The value for input_baselines
tells the explanations service what the baseline input should be for our model. Here we're using the median for all of our input features. That means the baseline prediction for this model will be the trip duration our model predicts for the median of each feature in our dataset.
Since this model accepts a single numpy array with all numerical feature, we can optionally pass an index_feature_mapping
list to AI Explanations to make the API response easier to parse.

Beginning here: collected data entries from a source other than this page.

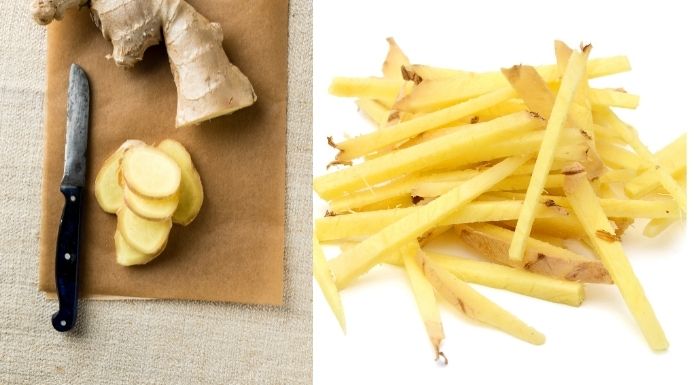2.นำขิงแก่ล้างให้สะอาดแล้วหั่นเป็นฝอย โดยแบ่งเป็น 2 ส่วน ส่วนแรกใส่ลงไปที่ตับหมู เพื่อดับกลิ่นคาว อีกหนึ่งส่วนเตรียมไว้เพื่อผัด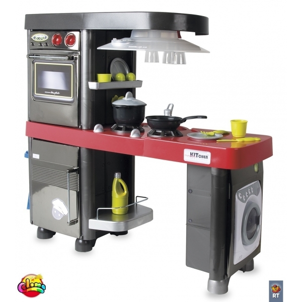 Кухонный модуль Coloma 90581-01-замечательная игра,которая может перерасти в нечто большее- в любовь к кулинарии, в помощь взрослым.Эта кухня создана для серьезной ответственной хозяйки.Стиль выдержан в соответствии с веяниями моды и последних технологий самых настоящих кухонь для взрослых.Все продумано до мелочей-от крана до современной стильной вытяжки.Шкафы,полки,духовка,плита,холодильник,посудомоечная и стиральная машина-все легко можно использовать.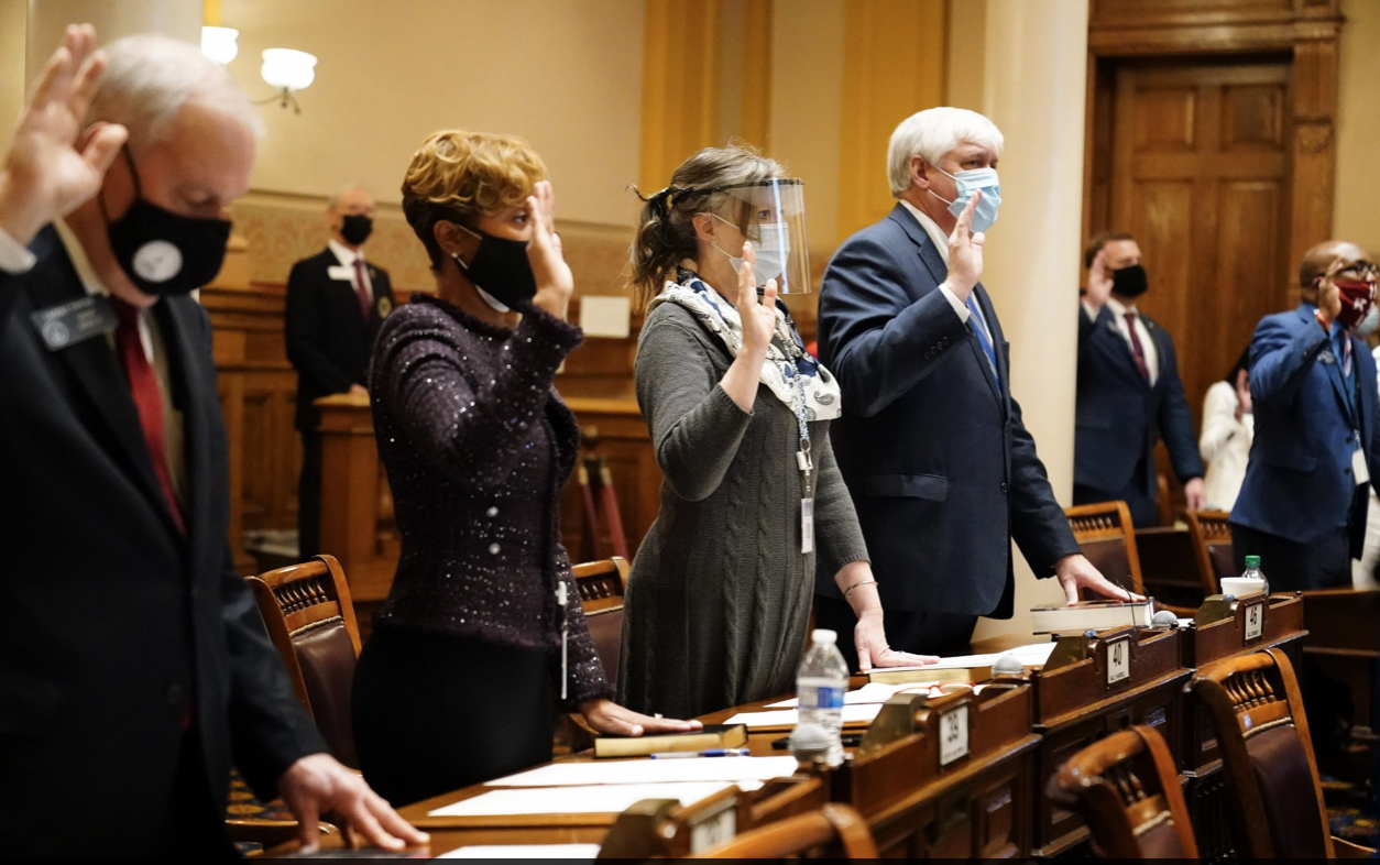 State lawmakers raised their right hands Monday and swore an oath through face masks as the General Assembly started a new session in the wake of last week’s attack on the U.S. Capitol building and as COVID-19 cases surge in Georgia.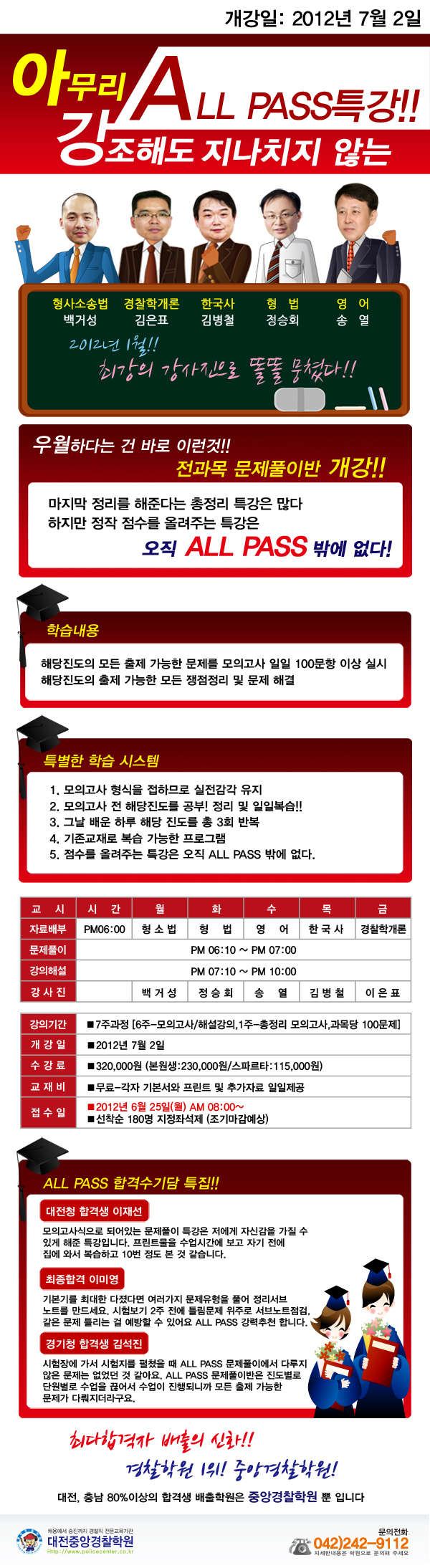 [7/2 개강] 2012년 2차 시험대비 All Pass 문제풀이 특강 페이지 정보 작성자 중앙경찰학원 댓글 0건 조회 6,831회 작성일 12-06-21 11:20 목록 본문 . 이전글2012년 제 2차 경찰공무원(순경) 채용시험 공고 12.07.23 다음글1_12년 특공대 실기 발표 및 필기시험 안내 12.04.03 목록 글쓰기 수정 답변 삭제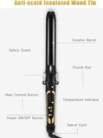 Lanvier 1.25 Inch Clipped Curling Iron with Extra Long Tourmaline Ceramic Barrel, Professional 1 1/4 Inch Hair Curler up to 450°F Dual Voltage for Traveling, Hair Waving Style Tool–Black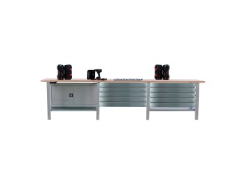 Banco de trabajo con tornillos y bandeja metálica, y cuenta con un estante inferior que aguanta 300kgs, aportándole mucha resistencia al banco de trabajo. Incluye 5 cajones para guardar y almacenar las herrmientas. Es de color GRIS. Las dimensiones de este banco de trabajo son: 830x1800x730 mm. La encimera principal tiene una capacidad de carga de 600 kgs. El cajón aguanta hasta 35 kgs y cuenta con guías telescópicas para una mayor facilidad de uso. Está fabricado en España y se monta fácil siguiendo las instrucciones.

When we provide a list of feature names via this parameter, the service will return a key / value mapping of each feature with its corresponding attribution value.
In [ ]:
# Print the names of our tensors
print('Model input tensor: ', model.input.name)
print('Model output tensor: ', model.output.name)
In [ ]:
explanation_metadata = {
"inputs": {
"data": {
"input_tensor_name": model.input.name,
"input_baselines": [train_data.median().values.tolist()],
"encoding": "bag_of_features",
"index_feature_mapping": train_data.columns.tolist()
}
},
"outputs": {
"duration": {
"output_tensor_name": model.output.name
}
},
"framework": "tensorflow"
}
Since this is a regression model (predicting a numerical value), the baseline prediction will be the same for every example we send to the model. If this were instead a classification model, each class would have a different baseline prediction.
In [ ]:
# Write the json to a local file
with open('explanation_metadata.json', 'w') as output_file:
json.dump(explanation_metadata, output_file)
In [ ]:
!gsutil cp explanation_metadata.json $export_path
In [ ]:
MODEL = 'bike'
In [ ]:
# Create the model if it doesn't exist yet (you only need to run this once)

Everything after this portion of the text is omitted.